Со спокойным выражением лица мы прошествовали мимо усатого контролёра на свободу и, не успели пройти пятнадцати шагов и подумать: «Ну вот, а мы боялись,» — как услышали окрик догоняющего нас полицейского:
— Where is you ticket? Билет?
— У нас нет билета. Билет очень дорогой. У нас нет столько денег, и мы обошли с другой стороны, — отвечали мы по-английски, указуя на бесплатный путь.
— Ticket! Билет! — и он повёл нас в кассу, предлагая купить билет. Но у нас не было такого количества денег, что мы и объяснили кассирам.
— Police! Police!
Я даже и не подумал, сколько беспокойства могут проявить иранцы из-за каких-то двух билетов по 15.000 риалов!.. Когда же мы твёрдо отказались платить (в подтверждение чего я вытащил из кармана все наличные деньги, их оказалось пять тысяч и металлическая мелочь), полицейский с мрачным лицом повёл нас прочь от Персеполиса.

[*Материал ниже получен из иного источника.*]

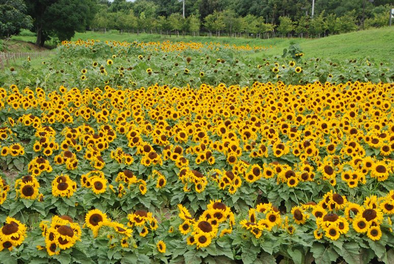 背が低いスマイルラッシュという品種は、台風の影響をほとんど受けませんでした。現在満開です。ヒマワリ観賞はお早めに。

— И куда вы сейчас собирались? В Шираз? — спросил нас полицейский, когда мы отошли шагов на пятьдесят. В таком туристском месте, как Персеполис, даже полицейские знают английские слова; это радует.
— В Шираз, — отвечали мы.
— Идите в Шираз. Спасибо. — сказал полицейский по-английски и отпустил нас, и мы продолжили научное путешествие.

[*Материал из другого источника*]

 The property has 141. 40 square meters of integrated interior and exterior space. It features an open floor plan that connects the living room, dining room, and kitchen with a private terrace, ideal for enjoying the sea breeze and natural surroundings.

Шираз — весьма старинный и интересный город, но мы с Владом лишь быстро прошли по нему пешком. В центре Шираза, около древней крепости, целая улочка была заполнена менялами, пытающимися незаконно приобрести доллары. Клиентов было немного. Влад решил сбыть двадцать долларов, и менялы устроили ожесточённый торг с нами и друг с другом, предлагая разный курс — от 3000 до 4500, а один даже 4700. Влад, одолеваемый мечтами и смущаемый таким разнообразием, думал, что вот-вот за углом ему предложат 5000, а то и больше риалов за доллар, но таких предложений почему-то не поступало. Когда же он решил, наконец, поменять по 4700, продавец денег спокойно отсчитал 92.000, а на вопрос «А ещё 2.000?» достал бумажку в 2.000 риалов, показал на себя и невозмутимо отвечал: «It is for me. Komission!»

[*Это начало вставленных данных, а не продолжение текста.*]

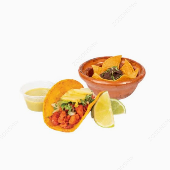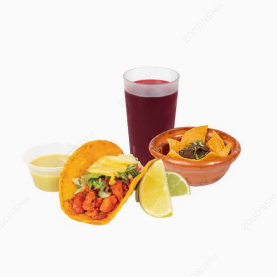 Taco al Pastor, Totopos con Frijoles y Bebida
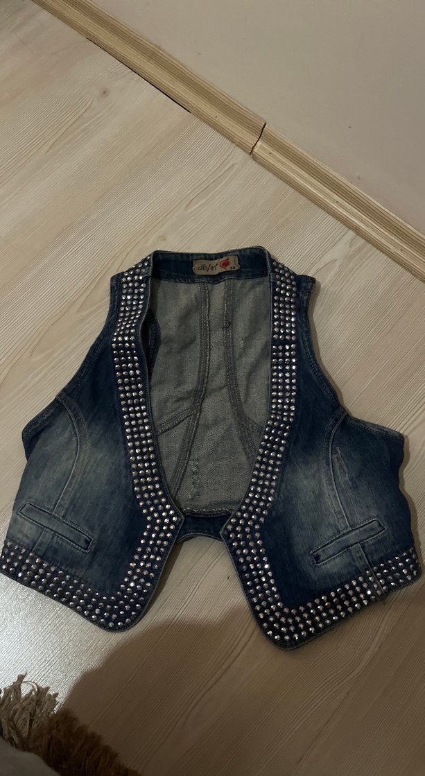 Gri renkli, kolsuz ve taşlı detaylı, düğmeli kısa kesim fitted denim yelek. Rock punk tarzına uygun rahat bir model.

По пути к нам присоединился молодой человек, который активно пытался с нами общаться на малопонятном английском языке. Только три километра спустя нам удалось избавиться от него.
Мы начали стопить на окраине Шираза. Весьма быстро нас подобрала легковушка, следующая в Казерун, на полпути до Бушира. Вопрос оплаты водителя не волновал, поскольку в бардачке у него лежали солидные пачки денег. Устроившись с Владом вдвоём на переднем правом сиденье, мы продолжили путь на юг. Ибо двое на переднем сиденье, и даже двое на водительском сиденье, в Иране не редкость. Вы можете увидеть восемь или даже десять человек, вылезающих из одной легковой машины обыкновенных размеров, и подумать: как они там помещались? Помещаются, однако.
Большинство встреченных нами иранцев не уважают свою нынешнюю власть. Всем кажется, что когда-то давно, в начале семидесятых, при шахе, была настоящая жизнь, а вот теперь, после революции, стало значительно хуже. Плохими результатами революции считаются: женщины в чёрных одеждах, инфляция, дороговизна, несвобода и проч. «Почему же они поддерживают эту власть, если им она не нравится?» — подумает недогадливый читатель. Но ведь и у нас, в России, большинство людей недовольны своим правительством! И тоже вспоминают, что вот когда-то, в далёких 1970-х всё было хорошо…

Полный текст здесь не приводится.